(Beginning of Recorded information)
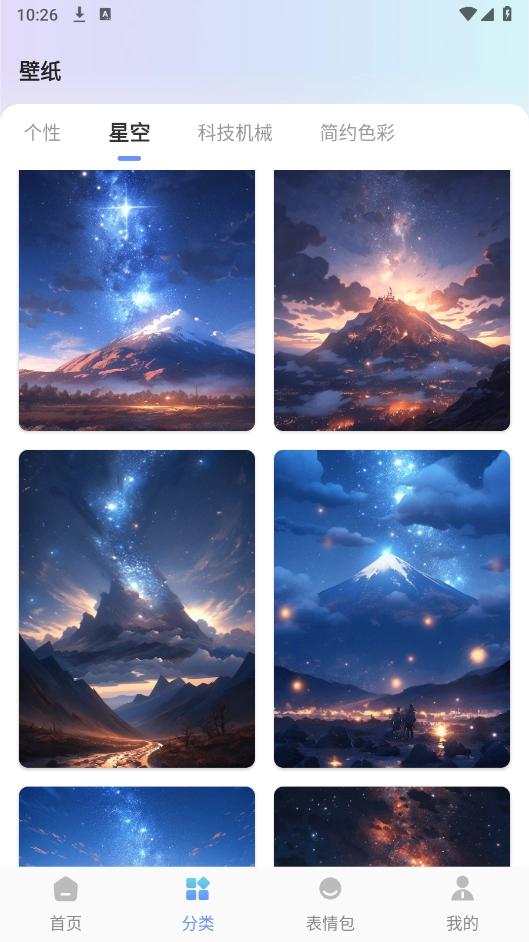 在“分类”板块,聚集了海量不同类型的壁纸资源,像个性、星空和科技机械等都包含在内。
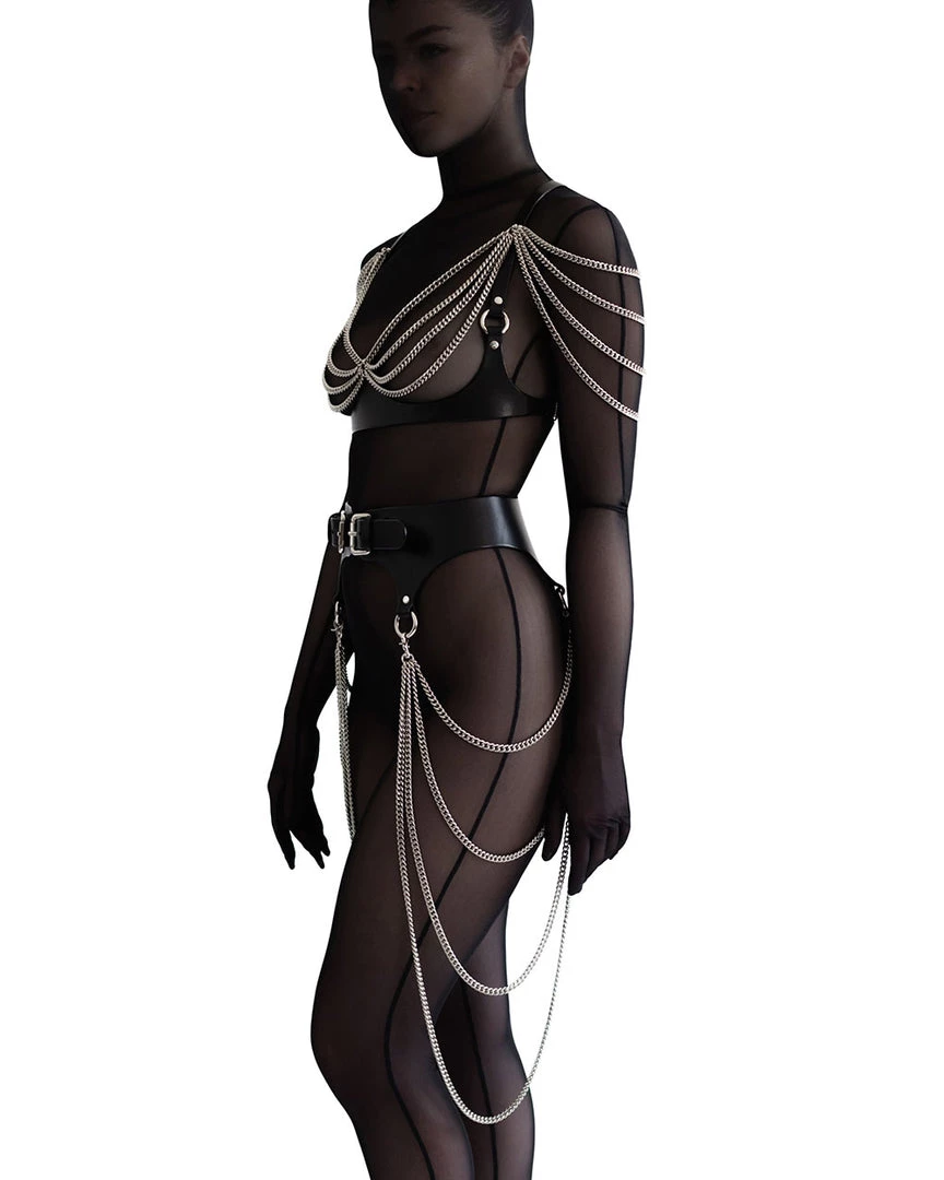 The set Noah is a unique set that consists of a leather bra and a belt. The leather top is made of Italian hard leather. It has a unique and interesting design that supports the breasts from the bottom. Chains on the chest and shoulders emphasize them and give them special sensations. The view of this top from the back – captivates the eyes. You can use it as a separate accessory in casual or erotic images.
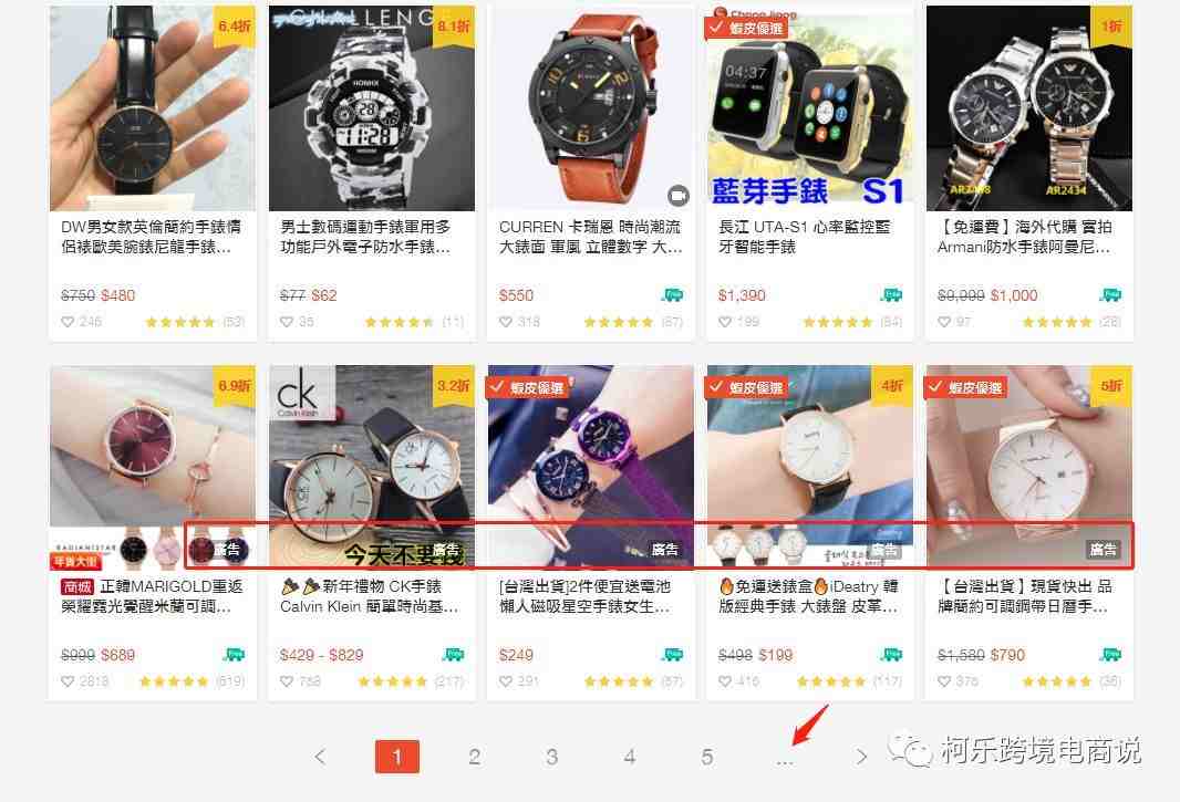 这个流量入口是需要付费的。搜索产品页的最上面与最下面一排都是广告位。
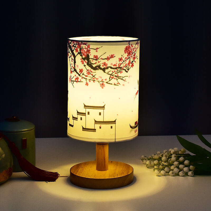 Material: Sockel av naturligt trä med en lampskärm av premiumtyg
(End of Recorded information)
(Beginning of Recorded information)
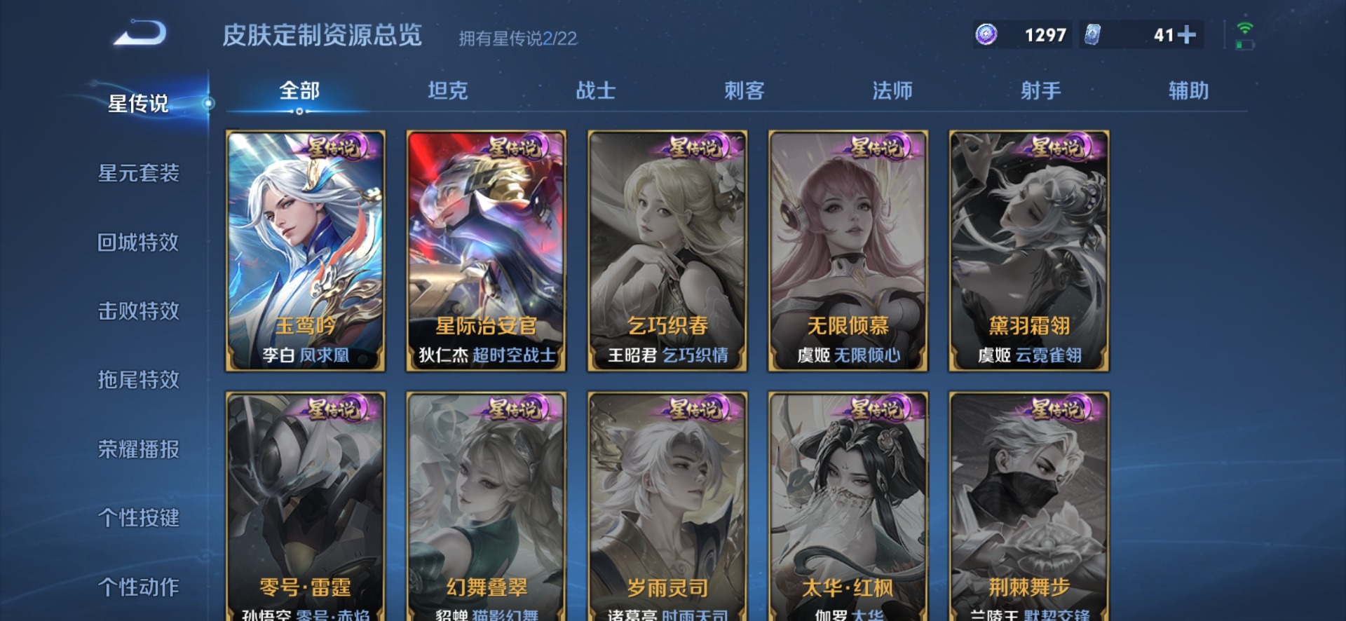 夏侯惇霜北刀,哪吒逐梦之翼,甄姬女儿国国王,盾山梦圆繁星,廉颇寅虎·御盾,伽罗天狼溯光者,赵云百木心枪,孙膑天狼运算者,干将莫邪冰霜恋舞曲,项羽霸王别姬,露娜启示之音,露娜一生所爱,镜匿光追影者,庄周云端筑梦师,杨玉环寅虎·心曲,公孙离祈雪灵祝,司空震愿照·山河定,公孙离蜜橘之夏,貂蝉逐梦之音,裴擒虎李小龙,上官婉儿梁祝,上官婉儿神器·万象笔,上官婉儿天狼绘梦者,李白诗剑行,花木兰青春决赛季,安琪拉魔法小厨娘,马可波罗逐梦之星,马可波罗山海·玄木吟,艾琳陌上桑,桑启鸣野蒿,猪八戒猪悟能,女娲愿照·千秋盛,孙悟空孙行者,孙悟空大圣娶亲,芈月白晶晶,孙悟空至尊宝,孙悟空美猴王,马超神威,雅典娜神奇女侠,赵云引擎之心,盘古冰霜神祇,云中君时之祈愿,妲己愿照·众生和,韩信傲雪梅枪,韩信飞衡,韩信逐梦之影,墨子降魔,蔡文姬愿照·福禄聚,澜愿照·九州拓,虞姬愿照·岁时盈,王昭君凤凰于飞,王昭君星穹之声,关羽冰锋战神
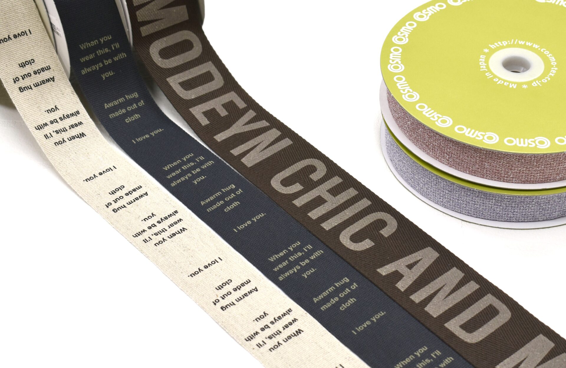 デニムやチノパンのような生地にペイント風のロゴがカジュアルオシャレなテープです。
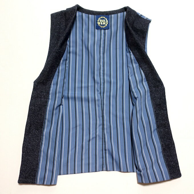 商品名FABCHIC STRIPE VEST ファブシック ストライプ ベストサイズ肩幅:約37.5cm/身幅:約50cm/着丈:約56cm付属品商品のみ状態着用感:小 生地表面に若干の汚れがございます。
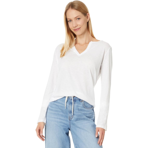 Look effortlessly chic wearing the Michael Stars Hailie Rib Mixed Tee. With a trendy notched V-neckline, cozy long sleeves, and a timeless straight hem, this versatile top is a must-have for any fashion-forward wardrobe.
(End of Recorded information)
** Your goal **
For this exercise, reproduce exactly the lines of the records above from the one with "The set Noah" up to and including the one with "Material: Sockel av", without pictures.

** The completed task **
 The set Noah is a unique set that consists of a leather bra and a belt. The leather top is made of Italian hard leather. It has a unique and interesting design that supports the breasts from the bottom. Chains on the chest and shoulders emphasize them and give them special sensations. The view of this top from the back – captivates the eyes. You can use it as a separate accessory in casual or erotic images.
 这个流量入口是需要付费的。搜索产品页的最上面与最下面一排都是广告位。
 Material: Sockel av naturligt trä med en lampskärm av premiumtyg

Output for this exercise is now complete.